18 août 2025
POLARS EN BARRE [22]
"A l’appel de Dashiell Hammett, le roman policier se met à délirer, comme sous le coup d’une forte fièvre. Il parle gras, sent la sueur et la crapule ; ses personnages se pochardent, se battent et s’abattent dans la plus complète indignité.
Une phrase dans La Moisson Rouge définit à elle seule l’esthétique d’un genre qui a pris mauvais genre : « Enjambant les débris, le bootlegger descendit lentement les marches jusque la chaussée. Reno le traita de pouilleux, de mangeur de poisson et lui logea quatre balles dans la tête. »

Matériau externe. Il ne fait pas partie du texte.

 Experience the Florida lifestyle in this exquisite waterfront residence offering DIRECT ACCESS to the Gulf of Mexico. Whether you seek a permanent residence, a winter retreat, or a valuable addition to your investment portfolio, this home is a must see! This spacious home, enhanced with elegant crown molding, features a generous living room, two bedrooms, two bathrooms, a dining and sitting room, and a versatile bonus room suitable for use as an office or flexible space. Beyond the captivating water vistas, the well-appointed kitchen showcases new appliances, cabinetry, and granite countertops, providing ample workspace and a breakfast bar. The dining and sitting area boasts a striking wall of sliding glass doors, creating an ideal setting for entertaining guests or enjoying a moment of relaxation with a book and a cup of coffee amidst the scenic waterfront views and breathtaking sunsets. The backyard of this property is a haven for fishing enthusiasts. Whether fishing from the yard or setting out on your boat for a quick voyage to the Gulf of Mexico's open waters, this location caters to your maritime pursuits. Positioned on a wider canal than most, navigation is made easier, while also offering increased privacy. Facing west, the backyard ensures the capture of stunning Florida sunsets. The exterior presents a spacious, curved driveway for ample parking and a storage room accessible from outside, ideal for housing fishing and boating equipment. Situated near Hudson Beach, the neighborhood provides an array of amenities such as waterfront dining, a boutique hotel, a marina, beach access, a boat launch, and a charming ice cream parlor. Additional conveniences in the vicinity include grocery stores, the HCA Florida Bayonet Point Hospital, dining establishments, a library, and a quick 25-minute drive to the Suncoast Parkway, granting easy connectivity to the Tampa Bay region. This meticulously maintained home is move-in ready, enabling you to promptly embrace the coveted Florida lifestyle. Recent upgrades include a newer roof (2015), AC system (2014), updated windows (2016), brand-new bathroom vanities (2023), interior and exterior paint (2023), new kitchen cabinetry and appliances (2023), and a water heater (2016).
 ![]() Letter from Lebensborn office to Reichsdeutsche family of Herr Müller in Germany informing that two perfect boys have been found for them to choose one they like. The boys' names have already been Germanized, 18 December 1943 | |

Image saisissante ayant pour dénominateur commun, à chacune de ses composantes, la violence que l’on retrouve dans le décor, présenté à l’état de ruines, dans le langage de l’acteur, dans l’action : quatre balles de sang-froid, dans l’écriture qui laisse jaillir la description sans apprêt, ou plutôt sans ménagement.
Cette citation démontre combien l’osmose a aussitôt existé entre roman noir et film noir. Le premier procède d’une vision cinématique qu’il est aisé de transposer en une vision cinématographique. Il n’est pas récit mais image en mouvement.
[…]
L’œuvre de Hammett, dans sa finalité, se caractérise par la pureté morale. (…) Le détective ― comment ne pas voir en lui une projection de l’auteur ? ― est le seul à garder les mains propres. (…) Il résiste à toutes les tentatives de corruption ou de compromis (…) Il est un anarchiste dangereux.
Et voici le véritable objet du procès intenté à Dashiell Hammett. Coupable de scepticisme envers les institutions de son pays ― la police et surtout la justice. Coupable de contester ses valeurs morales. Coupable de bousculer le protocole et les formes. Coupable de faire trop bon marché de la vie humaine, de piétiner les doigts d’un cadavre au lieu de se découvrir devant lui. Coupable de ne pas jouer le jeu du roman bourgeois, de se refuser à faire pleurer les midinettes en tirant de vieilles ficelles. (…)
A travers Hammett, ce n’est pas l’immoralité ― apparente ― du roman policier noir qui est en cause mais son pouvoir subversif."